EXERCISE DATA:

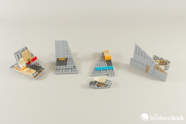 The gaps we’ve got will gradually be filled in by panels on hinges to create the ’round’ shape. It’s a technique that raised some eyebrows when this set turned up at TBB Towers, and judging by the roundtable discussion, we’re not the only ones to think that! According to Hans, it was clear pretty early on this flat panel idea would be the best one. The question was also asked if more segments than the 8 present had been considered, and the answer was yes – but here, the building experience won out. Building these was already repetitive enough; doing twice the amount of work would’ve been downright boring.
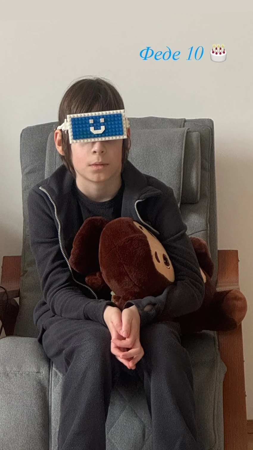 Фото Юлии Снигирь (Фёдор по центру)Евгений был ещё более краток. Он запостил снимок Фёдора в импровизированных очках из конструктора Lego, подписав его: "Феде 10".
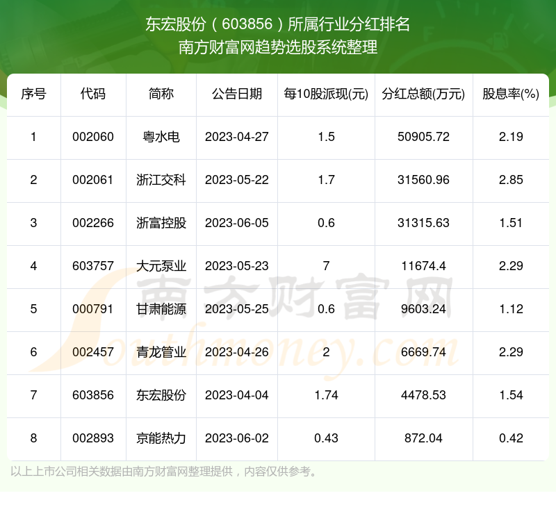 按照南方财富网趋势选股系统统计,东宏股份所属行业为装修建材行业,装修建材行业分红排名情况如下表:

EXERCISE OBJECTIVE:
Exclude every image and return the material above exactly.

WRITTEN ANSWER:
 The gaps we’ve got will gradually be filled in by panels on hinges to create the ’round’ shape. It’s a technique that raised some eyebrows when this set turned up at TBB Towers, and judging by the roundtable discussion, we’re not the only ones to think that! According to Hans, it was clear pretty early on this flat panel idea would be the best one. The question was also asked if more segments than the 8 present had been considered, and the answer was yes – but here, the building experience won out. Building these was already repetitive enough; doing twice the amount of work would’ve been downright boring.
 Фото Юлии Снигирь (Фёдор по центру)Евгений был ещё более краток. Он запостил снимок Фёдора в импровизированных очках из конструктора Lego, подписав его: "Феде 10".
 按照南方财富网趋势选股系统统计,东宏股份所属行业为装修建材行业,装修建材行业分红排名情况如下表:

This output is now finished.